Well, yes and no. The No. 2 nominee is usually known for at least a few news cycles before the convention. It has become almost a tradition for non-incumbent presidential candidates to use “a big issue” to drum up interest in a party gathering where nothing else is on the line. But it was felt necessary to give the media and representatives at least a little preparation before the event.
That was the case with current Vice President Kamala Harris in 2020 and Trump’s No. 2 in 2016, both of whom announced just days before the national election. Trump is thought to be reaching out to Pence and other party figures who support Texas Sen.

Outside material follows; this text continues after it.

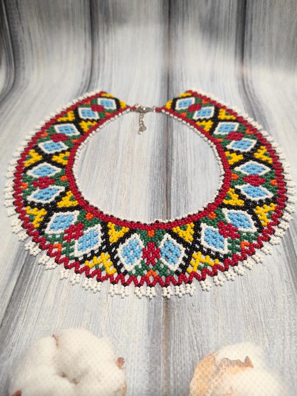 Длина изделия 42см+5см цепочка, ширина 5см. Выполнена из чешского бисера.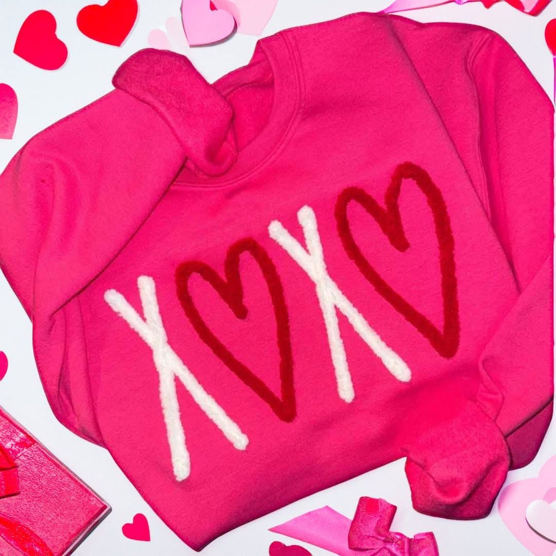 This Valentine’s Day sweatshirt features plush chenille yarn embroidery spelling out “xoxo” for a soft, textured look you can see and feel. Designed to be effortlessly cute and endlessly comfy, it’s made from a cozy, midweight fabric that’s perfect for chilly February days. The raised chenille detail adds a touch of vintage charm while giving the classic sweatshirt a playful, love-filled twist.

Ted Cruz (who has not yet endorsed Trump at the convention).
Biden announced that Harris’ party had just begun a virtual convention in August 2020 during the COVID-19 summer. , and showed a strong preference for women of color.
There was always some speculation about changing a reelection running mate, but there were no serious efforts to oust Pence or Harris during the reelection cycle. (Pence, however, feuded with Trump over the certification of the 2020 election results and, after ending his own bid for the 2024 nomination, said he would not vote for Trump this fall.)
The last time a sitting vice president was replaced on the national slate after his term ended was in 1944. .
In the following 80 years and 20 presidential cycles, we have seen many vice presidents become new leaders in the party. This happened while some men were still serving as vice president: 1960 (Richard M. Nixon), 1968 (Hubert Humphrey), 1988 (George H.W. Bush), and 2000 (Al Gore). We also see vice presidents ascend to the presidency in the midterms, running as incumbents and presidential candidates, as happened in 1964 (Johnson) and 1976 (Gerald Ford).
Several vice presidents have left office, become private citizens and later launched successful campaigns for their party’s presidential nomination, as Joe Biden did in 2020. Well, Nixon did it in 1968.
Overall, 15 of the 45 people who have served as president first served as vice president. Nine people were moved directly to the top job due to the death or resignation of the previous president, and four of those nine went on to be re-elected.
Several people who entered the Oval Office in the 20th century were some of the most memorable White House leaders of their time, including Truman, Johnson and Theodore Roosevelt.
So whether the vice presidential choices seem trivial or monumental, they are undoubtedly among the most important decisions in American political history.
What’s even more surprising is that we leave such decisions to the deliberation and mental gymnastics of a single politician.